Tip 13. Give Them the chance to opt out
You should always offer the opportunity for your email subscribers to opt out. Often marketers tuck this option away right at the bottom of the email. In my experience, it’s better to put this somewhere more noticeable. If you tuck it away (especially in the first email you send to them) they may well just reach for the ‘This Is Spam’ button, which can get you in trouble with ISPs.
Tip 14. Give Them Something Valuable
If you only follow one piece of advice in this article, make it this one!
When you buy in an email list, the recipient hasn’t given explicit permission to be emailed by you - they’ve given permission to be emailed by “selected third parties”. Emailing people is a tricky process at the best of times - recipients get a lot of email they don’t want. It’s even worse when you’re a “selected third party” & they have zero trust in you. Think of all the emails you receive & delete within 5 seconds of looking at them. If you can’t grab someone’s interest before they hit the delete/spam button, you won’t get great results.

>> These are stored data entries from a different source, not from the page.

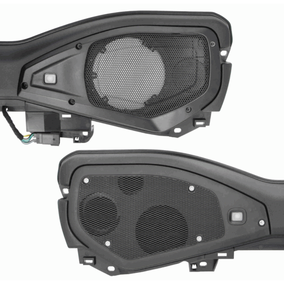 This adapter allows you to upgrade your Jeep’s soundbar from the 4” and 3” factory speakers to an aftermarket speaker 6” to 6.75” by cutting the interior of the factory soundbar. It offers an optional tweeter location and includes adapter plates, speaker harnesses, grille replacements, and all hardware required for installation. The replacement grilles feature a factory-style textured finish with a custom-stamped metal grille for a stylish look.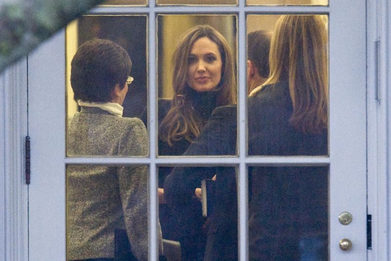 Na reunião, o presidente "ouviu Jolie sobre o trabalho que realiza de luta contra as atrocidades em massa e a violência sexual que atinge especificamente as mulheres", acrescentou.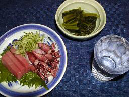 生きた白魚、小イワシの刺身、ヒラメの刺身 などなど、写真を撮っているといつまでも料理に箸が付けられないほどのご馳走を供してくれる。この町にある相原酒造の 「雨後の月」 は、上出来の酒だ。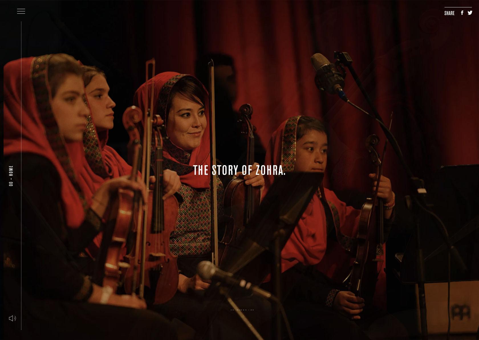 The Story of Zohraのサイトでは、スクロールを始めるときに視覚的なキューが使われています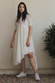 Asymmetric hem full flared ...Block printed cotton kurta in Off white

- Make sure you get a good match between the offer & the list (eg. don’t buy a list of teens & try to sell them a house).
- Use a great subject line
- Be obvious. Don’t tuck your offer right at the bottom - make sure it’s visible in the preview pane.
- Make it personal. Email is traditionally a 1-2-1 medium & the most valuable emails people get (from friends, family) are always direct to them.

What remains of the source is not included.